- Activity: Begin with the line below holding "Hardlopen - Op" and go on through the line holding "(一)门诊和住院量。2024 年,全国医疗卫生机构总诊疗人次 101.5", duplicating each line exactly and leaving out pictures.

- Available records:
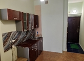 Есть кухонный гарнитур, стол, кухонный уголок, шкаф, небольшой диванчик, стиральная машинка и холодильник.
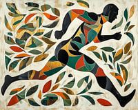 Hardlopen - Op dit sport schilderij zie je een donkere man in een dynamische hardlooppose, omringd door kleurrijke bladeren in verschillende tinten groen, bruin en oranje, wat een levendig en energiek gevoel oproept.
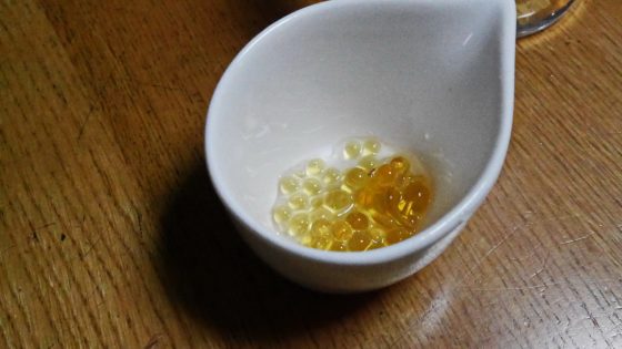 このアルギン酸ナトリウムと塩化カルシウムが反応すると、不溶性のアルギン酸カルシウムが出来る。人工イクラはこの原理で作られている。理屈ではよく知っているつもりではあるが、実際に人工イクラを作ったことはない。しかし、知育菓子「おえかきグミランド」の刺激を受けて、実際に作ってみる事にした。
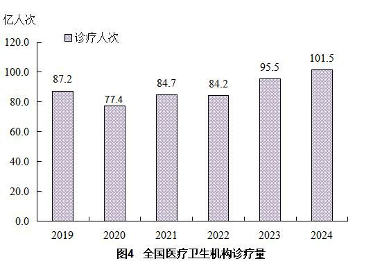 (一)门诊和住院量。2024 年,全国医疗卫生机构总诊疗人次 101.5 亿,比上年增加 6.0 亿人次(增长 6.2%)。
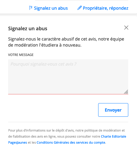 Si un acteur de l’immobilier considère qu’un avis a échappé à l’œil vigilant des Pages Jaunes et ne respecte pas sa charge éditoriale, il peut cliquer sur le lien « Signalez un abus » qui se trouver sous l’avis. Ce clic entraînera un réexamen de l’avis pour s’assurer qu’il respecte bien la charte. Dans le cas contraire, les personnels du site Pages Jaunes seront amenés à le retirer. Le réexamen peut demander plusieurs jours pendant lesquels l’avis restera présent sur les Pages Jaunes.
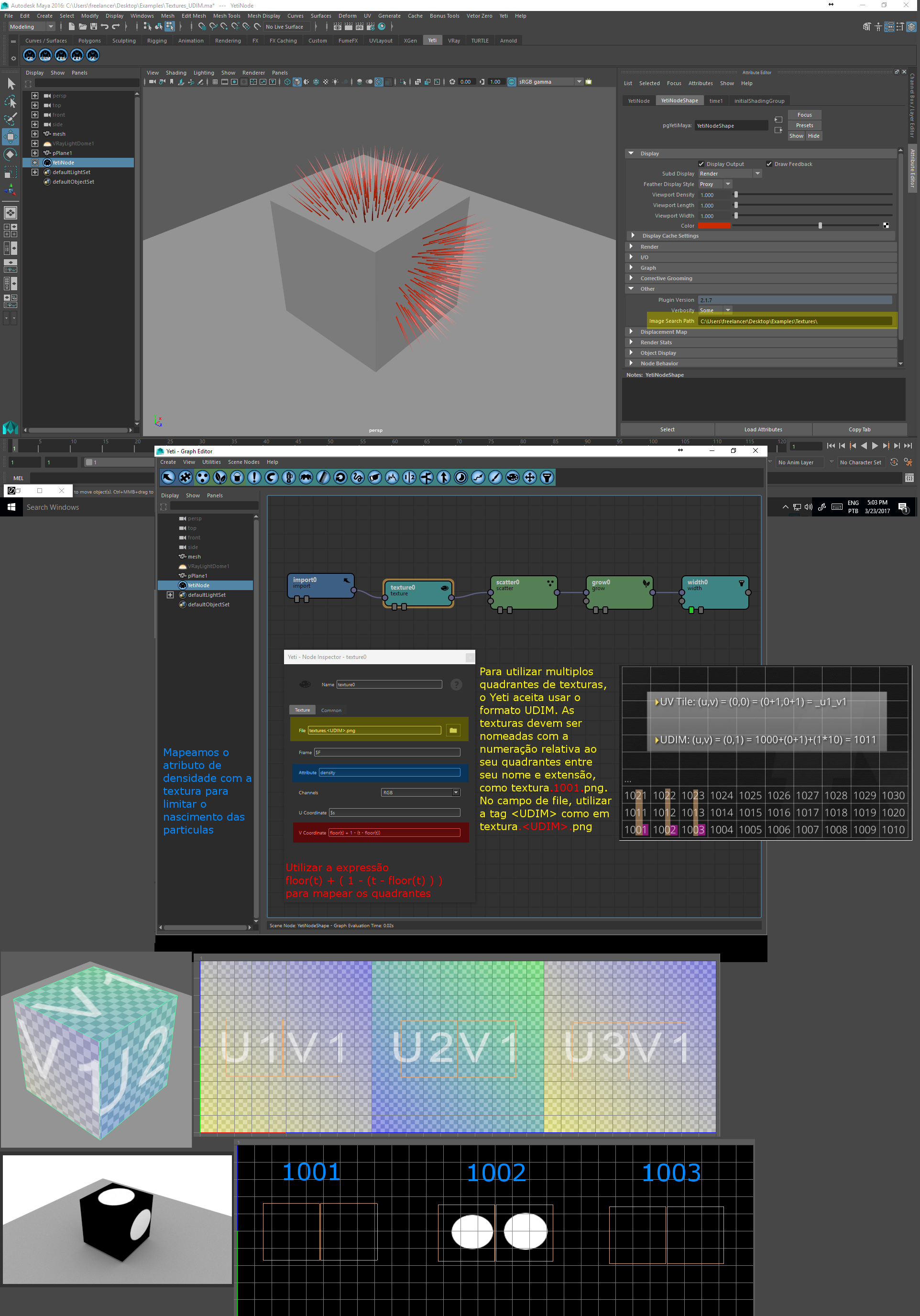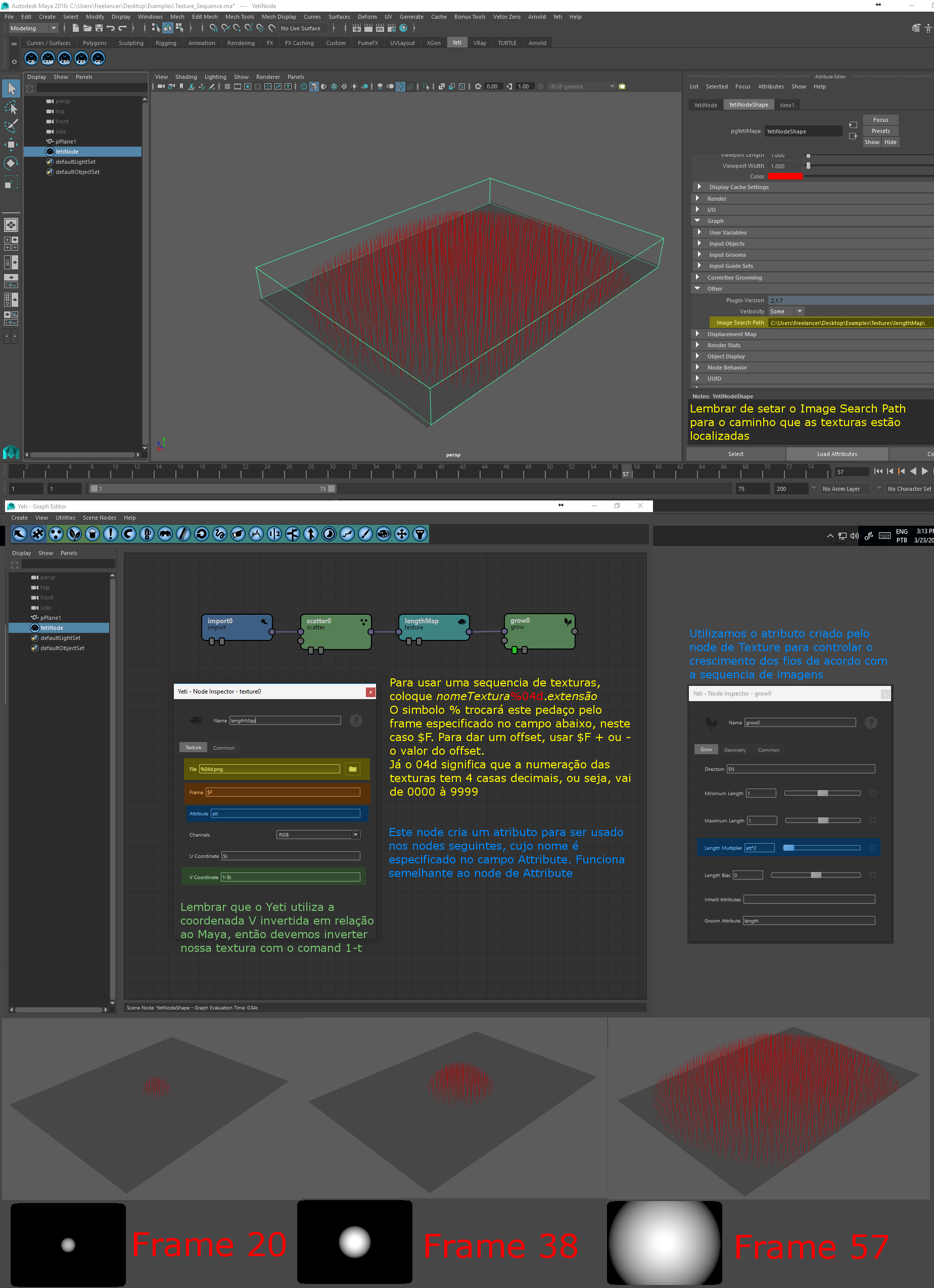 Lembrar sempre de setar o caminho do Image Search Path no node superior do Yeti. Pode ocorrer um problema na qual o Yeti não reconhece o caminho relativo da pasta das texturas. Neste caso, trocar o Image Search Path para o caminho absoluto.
==
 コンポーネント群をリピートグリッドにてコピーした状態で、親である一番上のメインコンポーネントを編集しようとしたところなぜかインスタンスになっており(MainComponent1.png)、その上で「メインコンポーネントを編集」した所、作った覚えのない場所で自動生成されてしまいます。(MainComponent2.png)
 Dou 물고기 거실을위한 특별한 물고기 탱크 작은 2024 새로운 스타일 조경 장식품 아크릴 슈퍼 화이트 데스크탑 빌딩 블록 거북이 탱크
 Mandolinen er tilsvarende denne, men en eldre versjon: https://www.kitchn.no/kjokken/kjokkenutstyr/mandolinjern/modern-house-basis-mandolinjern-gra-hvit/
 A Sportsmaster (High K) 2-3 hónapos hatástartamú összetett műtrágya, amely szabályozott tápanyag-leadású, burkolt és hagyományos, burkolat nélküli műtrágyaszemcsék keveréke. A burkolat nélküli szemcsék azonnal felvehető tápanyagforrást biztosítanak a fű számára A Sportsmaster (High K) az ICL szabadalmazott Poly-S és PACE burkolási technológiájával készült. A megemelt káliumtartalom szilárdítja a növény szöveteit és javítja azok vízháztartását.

- Task output:
 Hardlopen - Op dit sport schilderij zie je een donkere man in een dynamische hardlooppose, omringd door kleurrijke bladeren in verschillende tinten groen, bruin en oranje, wat een levendig en energiek gevoel oproept.
 このアルギン酸ナトリウムと塩化カルシウムが反応すると、不溶性のアルギン酸カルシウムが出来る。人工イクラはこの原理で作られている。理屈ではよく知っているつもりではあるが、実際に人工イクラを作ったことはない。しかし、知育菓子「おえかきグミランド」の刺激を受けて、実際に作ってみる事にした。
 (一)门诊和住院量。2024 年,全国医疗卫生机构总诊疗人次 101.5 亿,比上年增加 6.0 亿人次(增长 6.2%)。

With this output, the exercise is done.